■ What this task involves ■
The printed result should hold only the lines from the opening of the data through the line bearing "今日は1日に2個のケージセッ", exactly as given and without pictures.

■ Stored dataset items ■

########################################

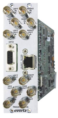 El módulo procesador de video estereoscópico 3D Evertz 7832SVP-3G está pensado para facilitar la producción y postproducción de vídeos 3D en alta definición. Cuenta con entradas para imagen derecha e izquierda y salidas procesadas y mezcladas.
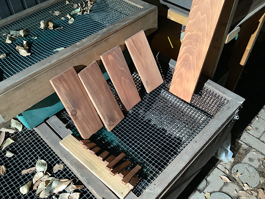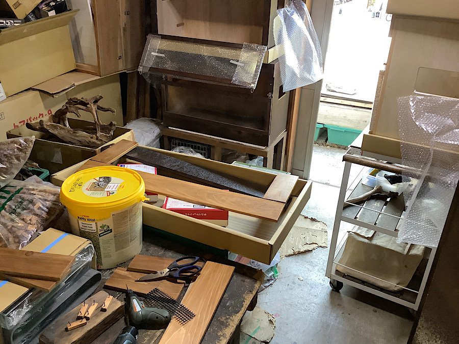 今日は1日に2個のケージセッティングという事であらかじめ工具や木材などを用意。ケージただ置くのとセッティング用に置くのでは、使うスペースが全然違う。セッティング待ちのケージが2個もあると足の踏み場もない(;’∀’)
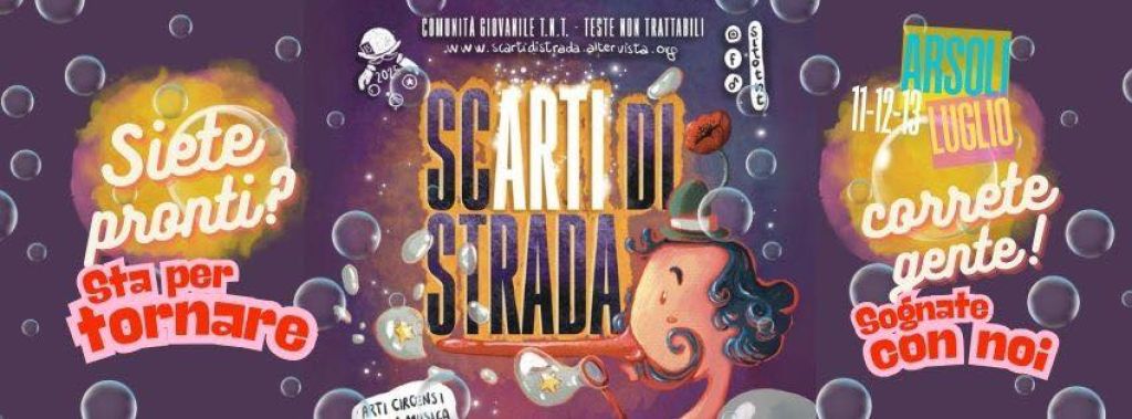 Redazione- Il Festival Internazionale scARTI DI STRADA XV edizione, organizzato dalla Comunità Giovanile Teste Non Trattabili, si terrà nei giorni 11-12-13 Luglio 2025. Gli artisti ospitati nelle tre giornate sono suddivisi in un cartellone principale (consultabile durante i giorni del festival o sul nostro sito internet) e si esibiranno dal pomeriggio sino a notte inoltrata.
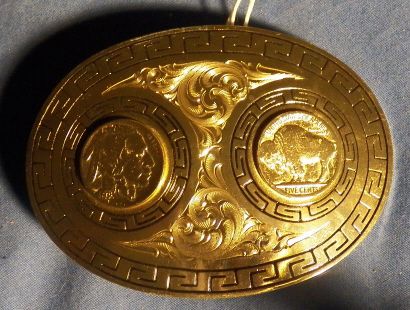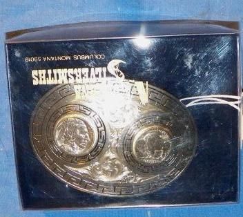 Buffalo Nickel Silverplated Belt Buckle made by Montana Silversmiths
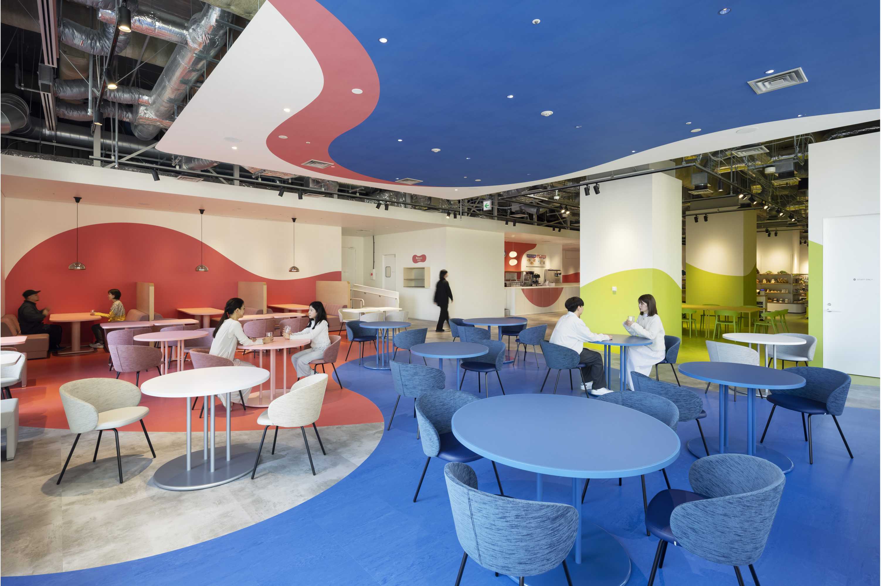 4階で没入体験を楽しんだ後も、3階のカフェやショップで施設の世界観の余韻を感じながら過ごせる空間。施設ロゴのカラーを取り入れた色彩豊かな空間で、世界観を反映したオリジナルメニューを提供し、施設全体の滞在価値を高めます。

########################################

■ Result for this exercise ■
 El módulo procesador de video estereoscópico 3D Evertz 7832SVP-3G está pensado para facilitar la producción y postproducción de vídeos 3D en alta definición. Cuenta con entradas para imagen derecha e izquierda y salidas procesadas y mezcladas.
 今日は1日に2個のケージセッティングという事であらかじめ工具や木材などを用意。ケージただ置くのとセッティング用に置くのでは、使うスペースが全然違う。セッティング待ちのケージが2個もあると足の踏み場もない(;’∀’)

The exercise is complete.